PROVIDED ENTRIES.

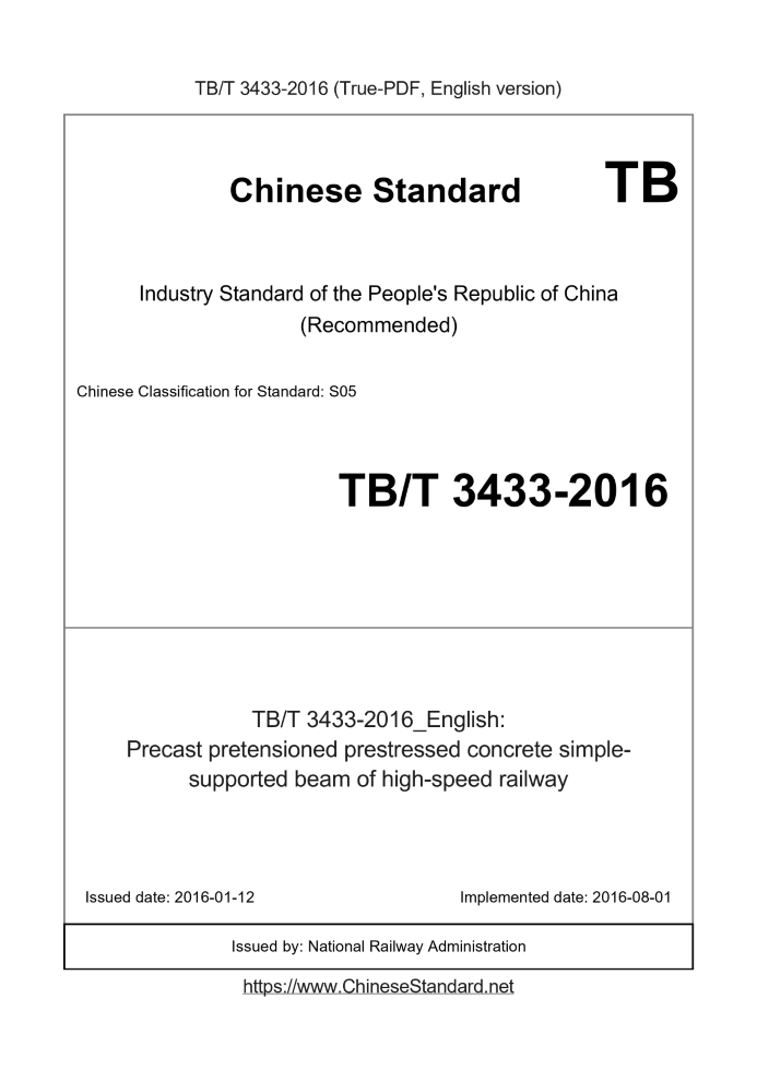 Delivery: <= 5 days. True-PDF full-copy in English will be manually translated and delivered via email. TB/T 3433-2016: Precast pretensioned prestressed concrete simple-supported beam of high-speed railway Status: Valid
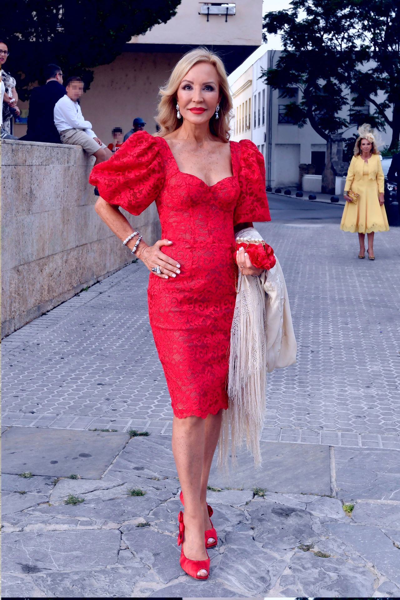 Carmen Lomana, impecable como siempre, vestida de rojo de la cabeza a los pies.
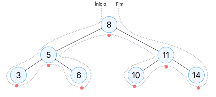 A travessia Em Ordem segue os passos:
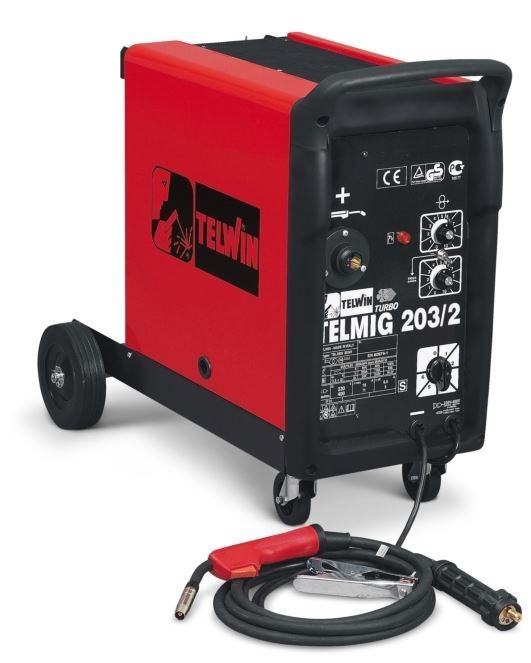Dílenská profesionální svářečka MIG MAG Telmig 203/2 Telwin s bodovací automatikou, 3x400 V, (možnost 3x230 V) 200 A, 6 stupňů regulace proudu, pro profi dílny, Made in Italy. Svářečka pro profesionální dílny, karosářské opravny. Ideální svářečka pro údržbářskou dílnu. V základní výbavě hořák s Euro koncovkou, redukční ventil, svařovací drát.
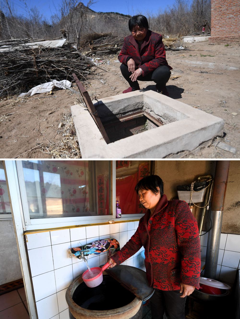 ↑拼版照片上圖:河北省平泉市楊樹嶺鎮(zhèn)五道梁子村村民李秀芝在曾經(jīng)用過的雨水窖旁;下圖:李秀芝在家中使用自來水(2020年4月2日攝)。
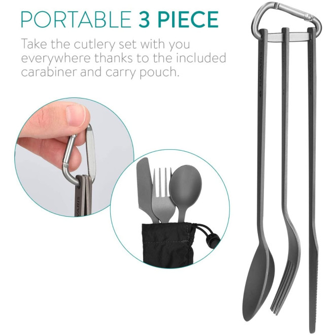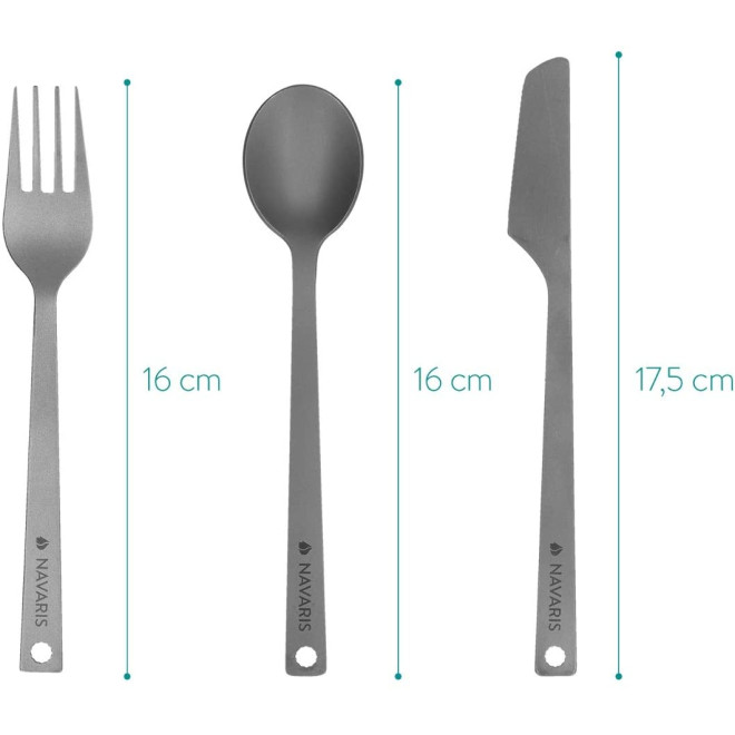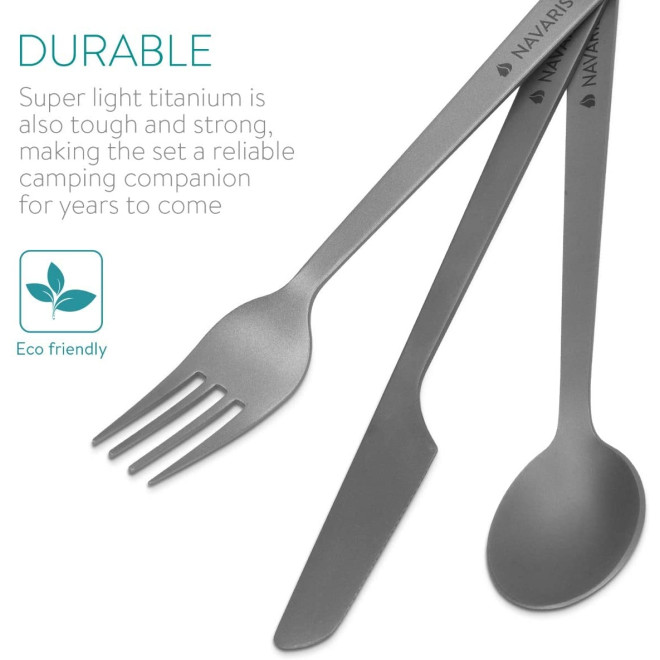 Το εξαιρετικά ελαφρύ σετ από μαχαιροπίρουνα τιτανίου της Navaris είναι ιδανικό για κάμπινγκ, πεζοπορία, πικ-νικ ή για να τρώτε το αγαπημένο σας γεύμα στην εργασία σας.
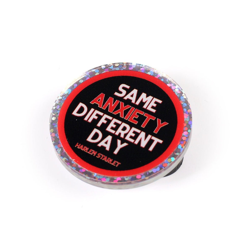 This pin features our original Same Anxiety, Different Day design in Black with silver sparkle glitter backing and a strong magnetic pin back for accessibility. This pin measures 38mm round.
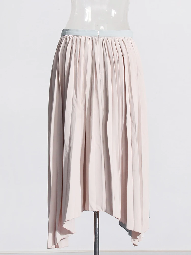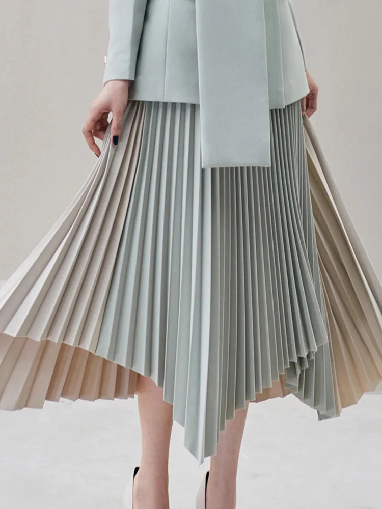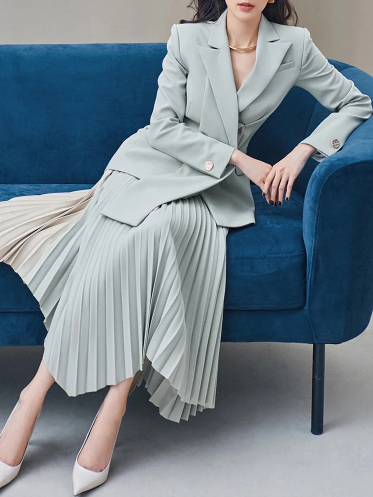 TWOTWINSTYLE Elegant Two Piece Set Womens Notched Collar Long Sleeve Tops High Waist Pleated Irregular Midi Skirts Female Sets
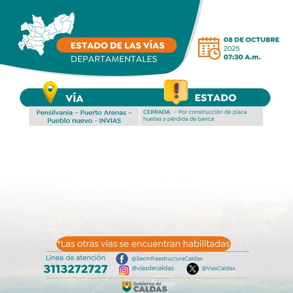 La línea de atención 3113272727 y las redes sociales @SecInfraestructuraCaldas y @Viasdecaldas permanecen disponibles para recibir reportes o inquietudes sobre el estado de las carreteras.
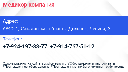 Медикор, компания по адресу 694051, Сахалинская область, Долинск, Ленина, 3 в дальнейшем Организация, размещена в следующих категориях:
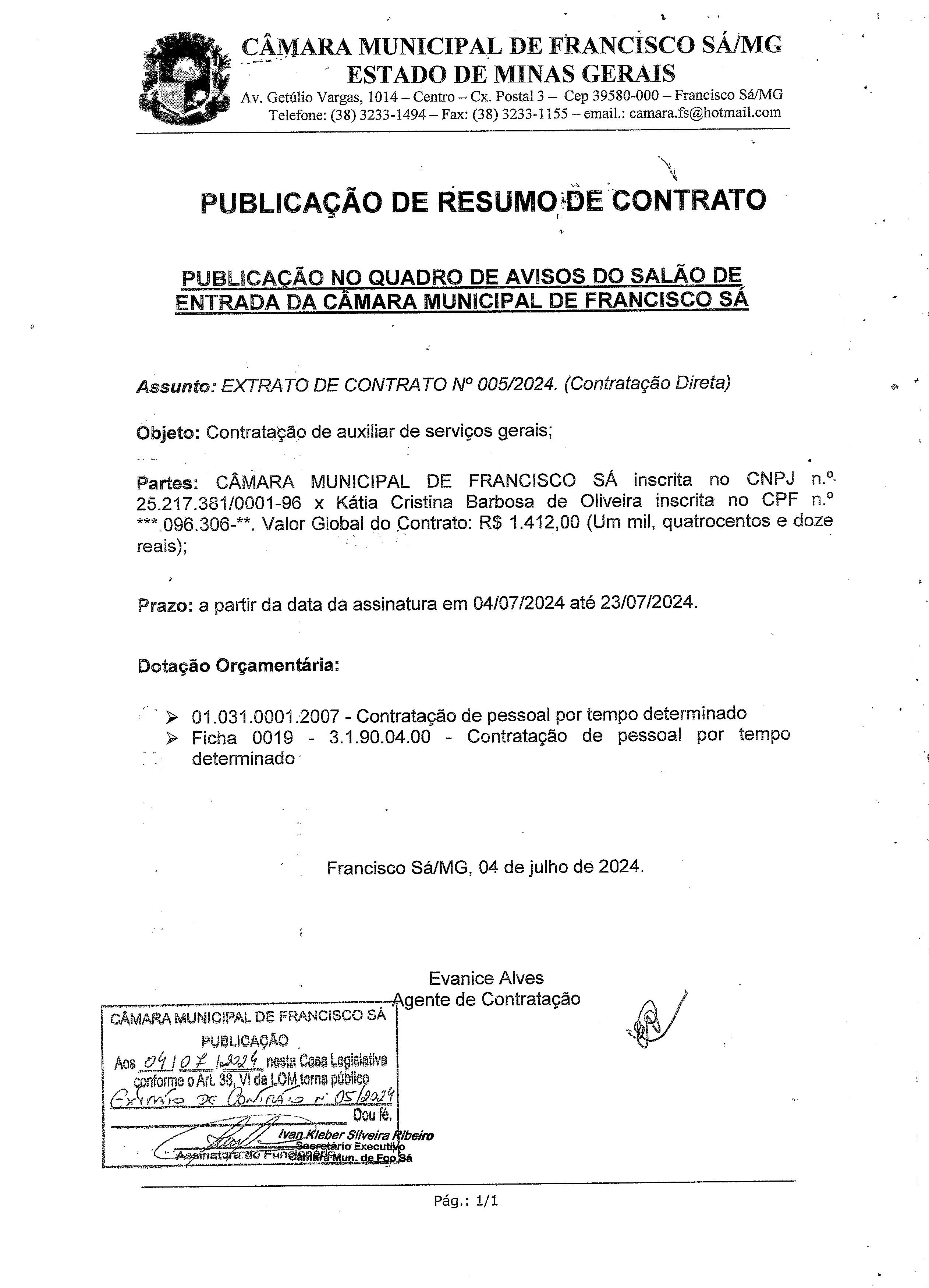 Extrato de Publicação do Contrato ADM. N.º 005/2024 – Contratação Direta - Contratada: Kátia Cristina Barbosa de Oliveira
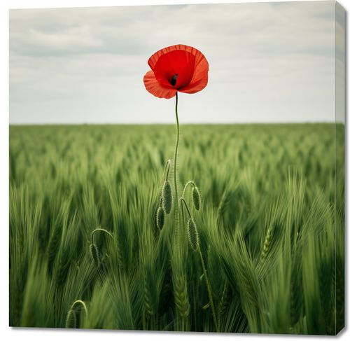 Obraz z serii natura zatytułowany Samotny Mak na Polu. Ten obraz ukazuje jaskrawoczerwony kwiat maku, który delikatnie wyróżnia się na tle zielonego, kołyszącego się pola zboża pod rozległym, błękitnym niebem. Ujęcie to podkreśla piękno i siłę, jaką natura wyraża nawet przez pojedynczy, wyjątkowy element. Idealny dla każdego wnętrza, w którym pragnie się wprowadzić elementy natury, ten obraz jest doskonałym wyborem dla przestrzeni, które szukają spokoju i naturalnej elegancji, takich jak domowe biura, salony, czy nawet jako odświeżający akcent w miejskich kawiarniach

WORK ITEM. Transcribe, exactly and without pictures, everything in the data from the line with "A travessia Em" down to the line with "Το εξαιρετικά ελαφρύ", both included.

WRITTEN REPLY.
 A travessia Em Ordem segue os passos:
Dílenská profesionální svářečka MIG MAG Telmig 203/2 Telwin s bodovací automatikou, 3x400 V, (možnost 3x230 V) 200 A, 6 stupňů regulace proudu, pro profi dílny, Made in Italy. Svářečka pro profesionální dílny, karosářské opravny. Ideální svářečka pro údržbářskou dílnu. V základní výbavě hořák s Euro koncovkou, redukční ventil, svařovací drát.
 ↑拼版照片上圖:河北省平泉市楊樹嶺鎮(zhèn)五道梁子村村民李秀芝在曾經(jīng)用過的雨水窖旁;下圖:李秀芝在家中使用自來水(2020年4月2日攝)。
 Το εξαιρετικά ελαφρύ σετ από μαχαιροπίρουνα τιτανίου της Navaris είναι ιδανικό για κάμπινγκ, πεζοπορία, πικ-νικ ή για να τρώτε το αγαπημένο σας γεύμα στην εργασία σας.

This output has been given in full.